Since the proportion of the patients in the two groups differed in each surgery (Table 1), the results were analyzed and reported separately. The patient-related risk factors for SSI have been summarized in (Supplementary 1 in S1 File). Age, BMI, smoking status, comorbidities like DM, cardiovascular disease, and history of immunosuppressive drugs were similar between the extended oral antibiotics and short-term groups (P-value > 0.05) (Supplementary 1 in S1 File).
However, surgery-related factors, such as the length of hospitalization in patients who underwent TKA and ACL reconstruction, were significantly shorter in the short-term group than in the extended group (P-value < 0.05). Also, the duration of surgery in patients who underwent TKA was significantly shorter in the short-term group compared to the extended group (P-value = 0.014).

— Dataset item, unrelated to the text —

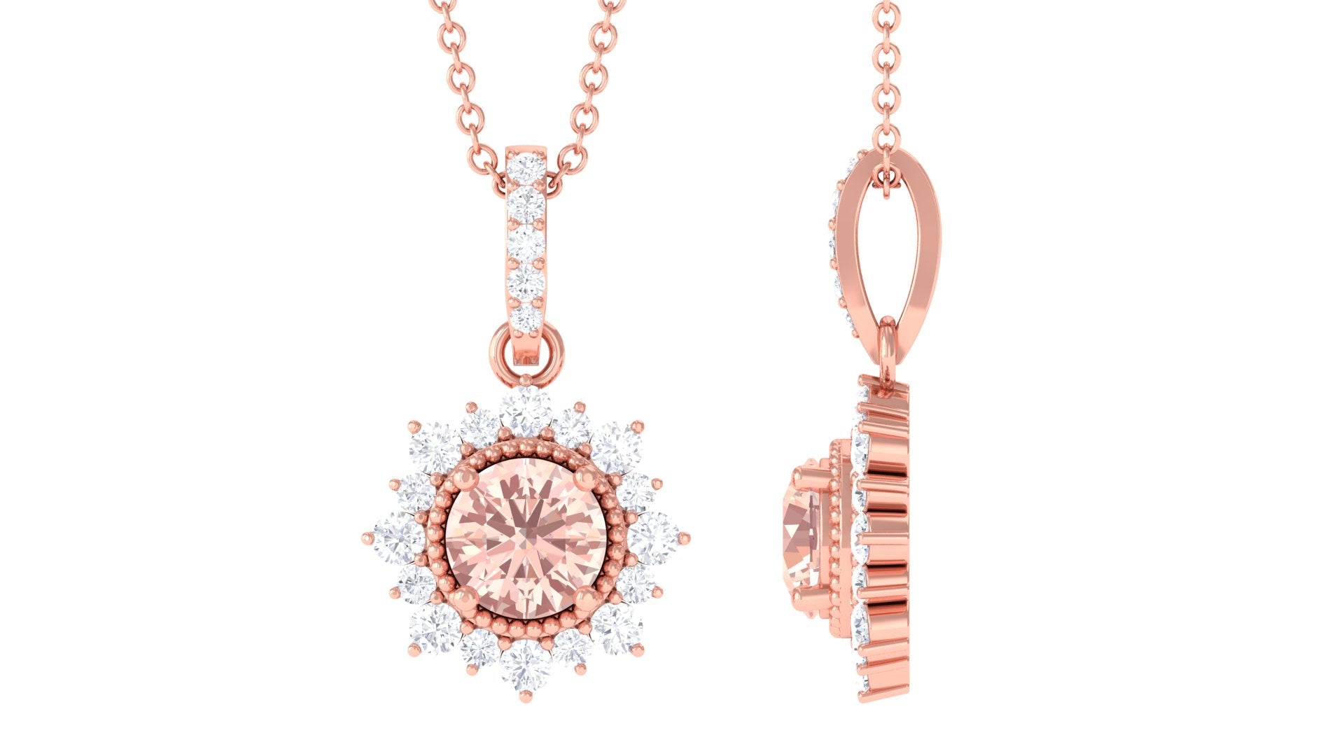 Level up your fashion game by donning this Halo Pendant Necklace embedded with Round Shape Morganite in 4 Prong Setting and Round Shape Diamonds studded as Halo and on the bail of the pendant. This Morganite Pendant has been crafted with Solid Metal and could easily match your most stylish outfits for you to look breathtakingly stunning, making it a perfect birthday present.
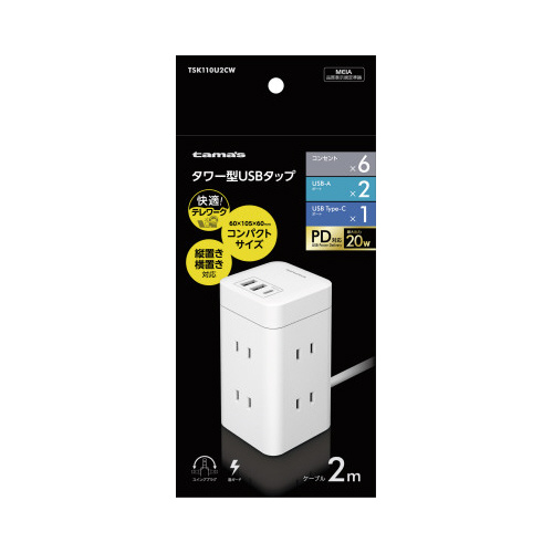 USB-AとTypeーCポート付コンパクト・タワー型電源タップ。狭い場所でも設置しやすい180度スイング可能なコンセントプラグを採用。雷サージから接続機器を守る雷ガードも備える

The results of SSI in two groups are shown according to the type of surgery in Table 2. The rate of SSI was not statistically different between the extended (4.6%) and short-term (2.8%) groups in the surgeries evaluated in our study (P-value = 0.35)(Table 2).
The overall rate of symptoms of post-operative complications was significantly higher in the extended group (36.2%) compared to the short-term group (22.8%) (P-value = 0.004, OR=1.9, 95%CI = 1.2–3.0). The swelling was significantly more prevalent in the extended group than the short-term group (P-value=0.022). We also analyzed each adverse effect related to the use of prophylactic antibiotics, such as headache, constipation, nausea, vomiting, diarrhea, loss of appetite, abdominal pain, and skin allergy in each surgery, and the results demonstrated no significant differences between the short-term and extended oral antibiotics groups in separate surgeries (P-value > 0.05) (Supplementary 2 in S1 File).
We also recorded the readmission causes after the surgery, and our findings demonstrate that the extended oral antibiotics group and the short-term group did not have any significant difference in the incidence rate of deep vein thrombosis (DVT), pulmonary thromboembolism (PTE), hematoma, and the pain that led to readmission (P > 0.05) (Table 2).
Discussion
Prophylactic antibiotics are widely used to prevent SSI after orthopaedic surgeries, but the optimal duration of prophylactic antibiotic therapy remains a topic of debate. Our findings revealed that the rate of SSI was not significantly different between patients who received short-term (<24h) or extended prophylactic antibiotics after the orthopedic surgeries. However, the overall rate of post-operative complications, such as swelling, was significantly higher in the extended group than in the short-term group.
The duration of prophylactic antibiotic administration has been evaluated in fracture surgeries. A study comparing the efficacy of cefuroxime over 24 hours with the regimen of cefuroxime for 24 hours plus 6 days of oral cephalexin for patients with trochanteric fractures demonstrated that there were no differences between the two groups considering the infection rate [24]. A subsequent meta-analysis demonstrated that the multiple-dose antibiotic prophylaxis in closed long bone fractures was not superior to the single-dose strategy [25]. In this study, we separately compared the short-term and extended oral prophylactic antibiotics in patients who underwent hip internal fixation and found no significant difference between these two groups regarding infection rate.
Also, there is a discrepancy regarding the effect of extended antibiotics for arthroplasty surgeries. A retrospective cohort study of total knee and hip arthroplasties comparing a single preoperative dose of cefazolin and 3 doses of cefuroxime found that the rate of both superficial and deep wound infection was around 1% and not significantly different between the two groups [26]. A retrospective study by Inabathula et al. in high-risk patients for periprosthetic joint infection (PJI) demonstrated that extended oral antibiotics for seven days after discharge can reduce the infection rate following total hip and knee arthroplasties [18]. Similarly, a study by Kheir et al. in 2022 also demonstrated that extended oral antibiotics for 7 days could reduce the rate of PJI in high-risk patients from 2.64% to 0.89% [19]. They found that high-risk patients were nearly 4–5 times more likely to develop PJI after total knee or hip arthroplasties. Optimization of some of these factors can reduce the risk of postoperative infection, but not all patient-related risk factors can be modified [27]. Therefore, there may be a ceiling effect on the ability to reduce the infection rate by modifying the patient-related risk factors, and there might be an appropriate indication for extended oral antibiotics for this special population.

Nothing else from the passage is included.